From these public statements of the RIPE web site I infer that as long as one can fog a mirror, and as long as one is willing and able to raise one's right hand and swear on some sort of religious text, one can be and will be admitted into this special club of "recognised" IP brokers.

One company listed on the above page that caught my eye is NetAssist LLC, formerly of Ukraine, but more recently re-incorporated in the jurisdiction of Gibraltar. (Why the company elected to up and change jurisdictions is not immediately obvious.) Whereas neither Universal IP Solution Corp. nor their apparent partners in crime, D2 International Investment Ukraine Ltd. have any web sites, and whereas they both thus have no apparent means of easily reselling/ offloading/fencing any or all of the IP space that the two of them together have stolen, it appears that D2's friend and peer, NetAssist LLC, is already well positioned to barter blocks of IPv4 space that may have unexpectedly gone walkabout.
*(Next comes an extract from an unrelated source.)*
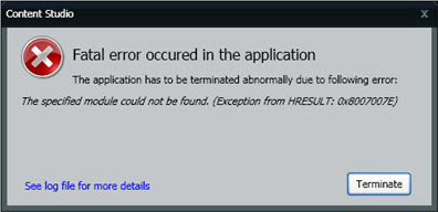 - "Fatal error occurred in the application. The application has to be terminated abnormally due to the following error: The specified module could not be found. (Exception from HRESULT: 0x8007007E)."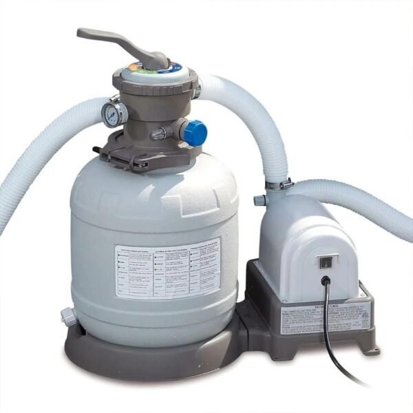 - Includes 12-inch 110/120V sand filter pump, pool cover, ladder, ground cloth, and maintenance kit

This is not to say that they have done so. I have no direct evidence of that. I just personally find NetAssist's formal registration, with RIPE, as an "recognized" IP broker to be a possibly relevant detail, and one that may perhaps be exceptionally convenient, under the curcumstances. Plesse note that Bitcanal, using its full, formal, and legal name of Ebonyhorizon Telecomunicacoes Lda., is also still a member in good standing of not only RIPE, but also of RIPE's cadre of "Recognised IPv4 Transfer Brokers". (See link above.) To reiterate, I have posted all of this information here on the NANOG list, not as a call to action... I'll be trying myself to contact any and all relevant providers and encouraging them to take appropriate action... but rather just because I felt that people here on this list might want to at least be aware of all of these convoluted shenanigans and schemes. Certainly, I encourage everyone reading this to be extra vigilant, in future, and especially if you are approached in the near future by any Ukrainian (or Gibraltarian) networks requesting peering. Regards, rfg P.S. It is left as an exercise for the reader as to why these sorts of large scale hijacking schemes always seem to originate somewhere within the RIPE geographical region and never elsewhere.